A Vaccine Against War

If there is such a thing as a vaccine against war, then shouldn’t humans as a species do their best to administer it to everyone? Through her lecture ‘Dead Butchers and Fiendlike Queens’: Why Macbeth Matters More Than Ever, Professor Catharine Stimpson argues that the study of liberal arts is a “vaccine” against war.

Stimpson

The Hertog Scholars Program invited Professor Catharine Stimpson of NYU to lecture at the Macaulay Honors College. I attended because the title of the lecture sounded interesting, but had no idea what to expect. A diverse audience was present, including Dean Kirschner, liberal arts professors, Macaulay students, and even attendees who seemed to have no connection to Macaulay.

Professor Stimpson began by inviting us to follow what she called her “meandering train of thought.” She told us about a history student asking, “What about the beauty of history?” and posed to us the question, “Where’s the beauty in war?” War is tragic in that it destroys not only lives, but also knowledge, progress, and art. She reminded us, however, that war is also generative. We just need to think of the degree to which war gave birth to the arts and technology — the Civil War gave birth to the blues, World War I, and Columbia University’s core curriculum, and World War II to computers and radar.

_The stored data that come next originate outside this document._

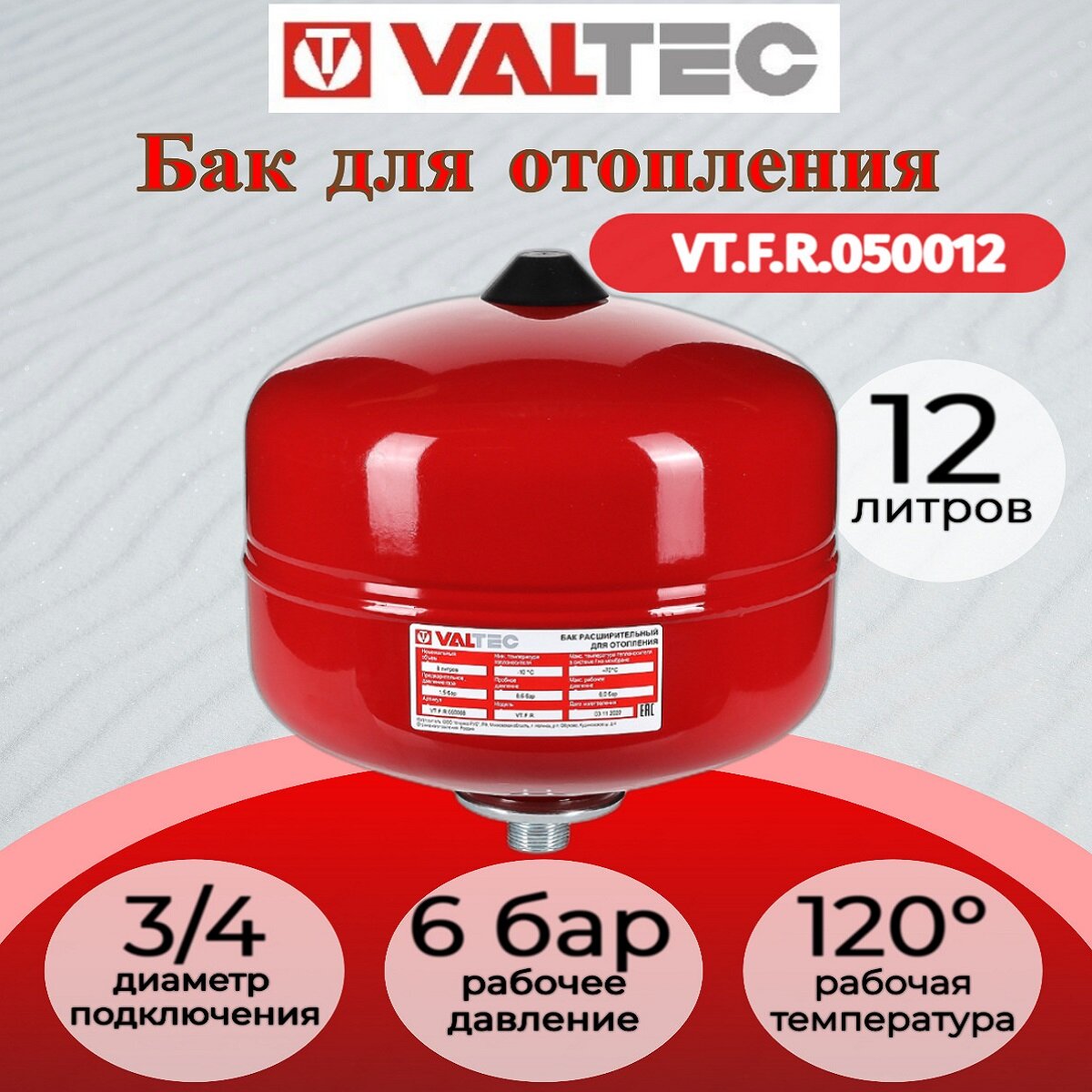 Бак мембранный для систем отопления VALTEC 12л./1,5 - 6bar (3/4") VT.F.R.050012 интересное: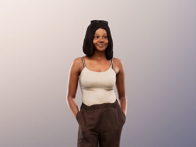Reina 13482 - Standing Casual Black Woman Low-poly 3D model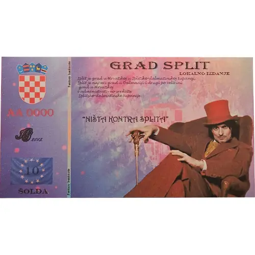 | نوشتههای روی اسکناس | AA 0000 2015. 10 ŠOLDA Fantasy banknote Fantasy banknote GRAD SPLIT LOKALNO IZDANJE Split je grad u Hrvatskoj u Splitsko-dalmatinskoj županiji ASPlit je največi grad u Dalmaciji i drugi po veličini grad u Hrvatskoj Vadministrativno središte Splitsko-dalmatinske županije `NIŠTA KONTRA SPLITA` |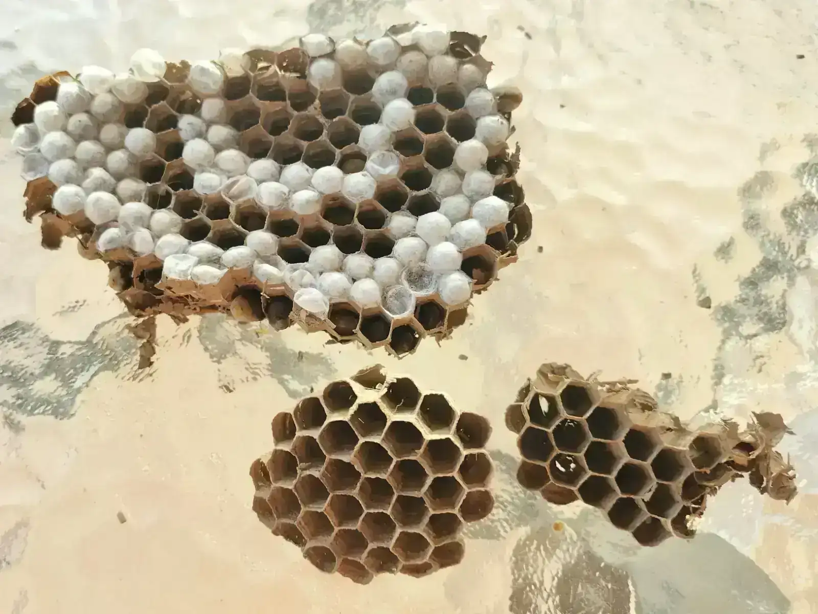 Me acabo de acordar que hubiera venido bien poner una referencia métrica al lado del nido. Por lo que se ve de larvas y pupas, el nido iba a duplicar sus habitantes en días.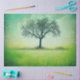 Schönes Bild eines Einzelbaumes mit grünem Hintergrund und einem schönen Skript-Element Das perfekte Bild für Ihr decoupage Projekt.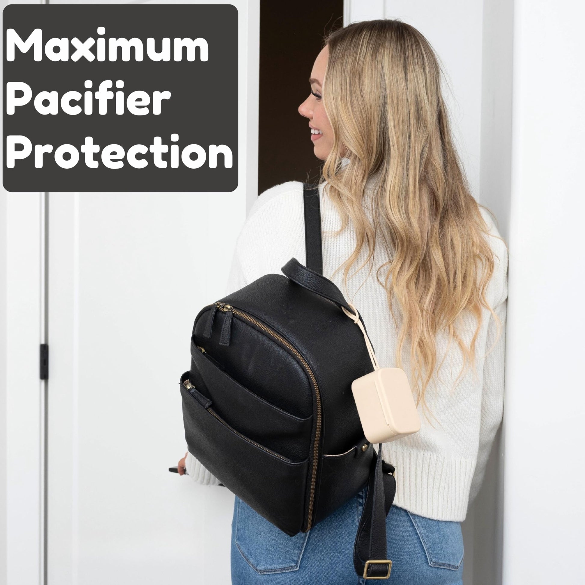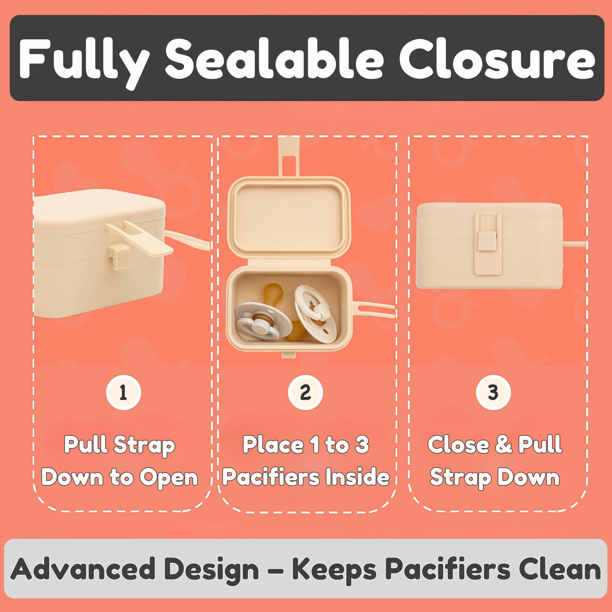 - Q: Does the case protect pacifiers from dirt and dust? A: Yes, the fully sealable closure of the silicone pacifier case protects pacifiers from dust, dirt, and impurities when not in use.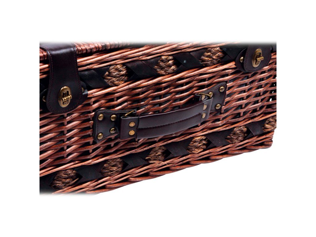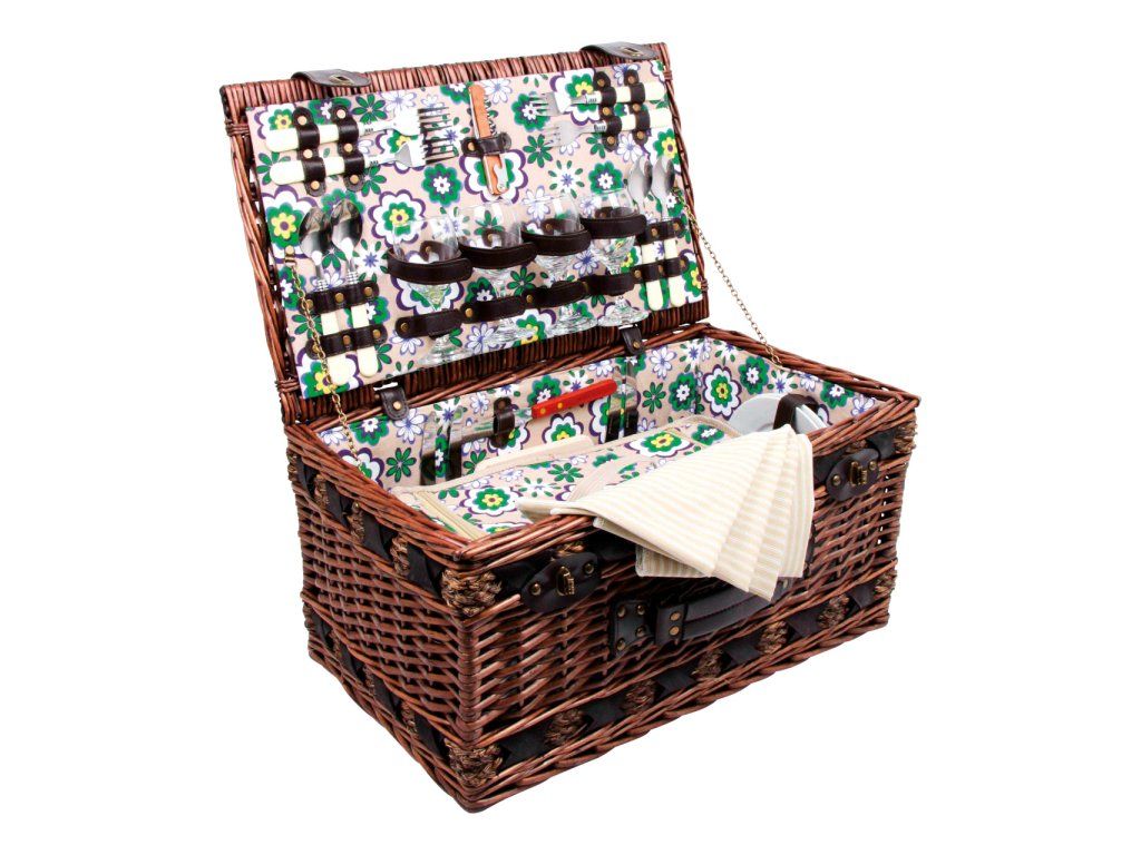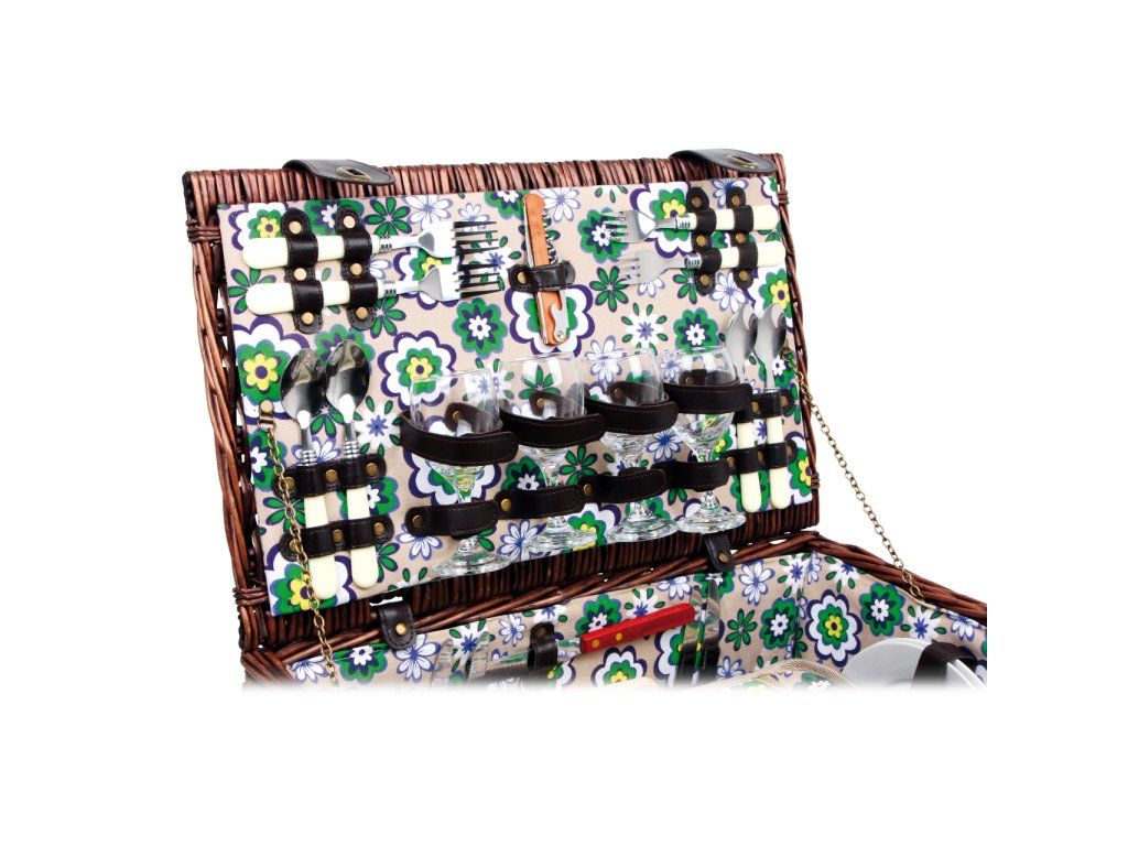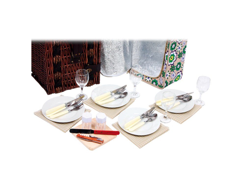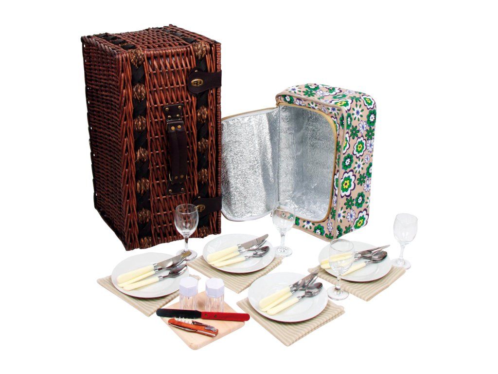 Perfektně vybavený proutěný piknikový koš se silnými proutěnými úchyty a bezpečnými koženými poutky. Koš je kompletně vybavený pro 4 osoby včetně talířů, příborů, sklenic na víno, nožem, pepřenkou, solničkou a ubrousky. Koš je také vybaven vyjímatelnou chladící kapsou, která udržuje jídlo a pití v chladnu! Hlavní vlastnosti: koš je kompletně vybavený, vyrobený z přírodního proutívyjímatelný chladící boxDoplňkové parametry

Professor Stimpson argued that studying the liberal arts inoculates us against the propaganda of war by producing a cognitive moral repulsion and stimulating empathy and compassion with the victims of war. She pointed out that our understanding of war, especially our view of the damage war incurs on civilians, has expanded. No longer can we romanticize war. Those who glorify the military do so because they are not realistic about war, making it all the more important to expose people to the horrors of war through the study of liberal arts. To study war is also to study non-violence and resistance. Thus, plays such as Macbeth are “vaccines” against war.

Why is Macbeth more important now as opposed to other, more violent times? Because of the possibilities.

Today’s weapons easily possess the potential for mass destruction. Globalization means that the stresses, strains, and conflicts that once could have been contained to a region have the capacity to go global. As technology improves, war is steadily becoming more depersonalized. And now, more than ever, individuals have the potential to do large-scale damage.

Macbeth shows audiences the continuous oscillation between love and war, between the beautiful and the bestial, and between knowledge and ignorance. Throughout her captivating and thoroughly engaging lecture, Professor Stimpson kept emphasizing this point of constant oscillation. It’s a wonderful metaphor for describing the way life seems to always be straining against itself. She left us with the question: can we administer a social vaccination against war by spreading knowledge of war’s realities, while acknowledging that war can also cause beauty to be born?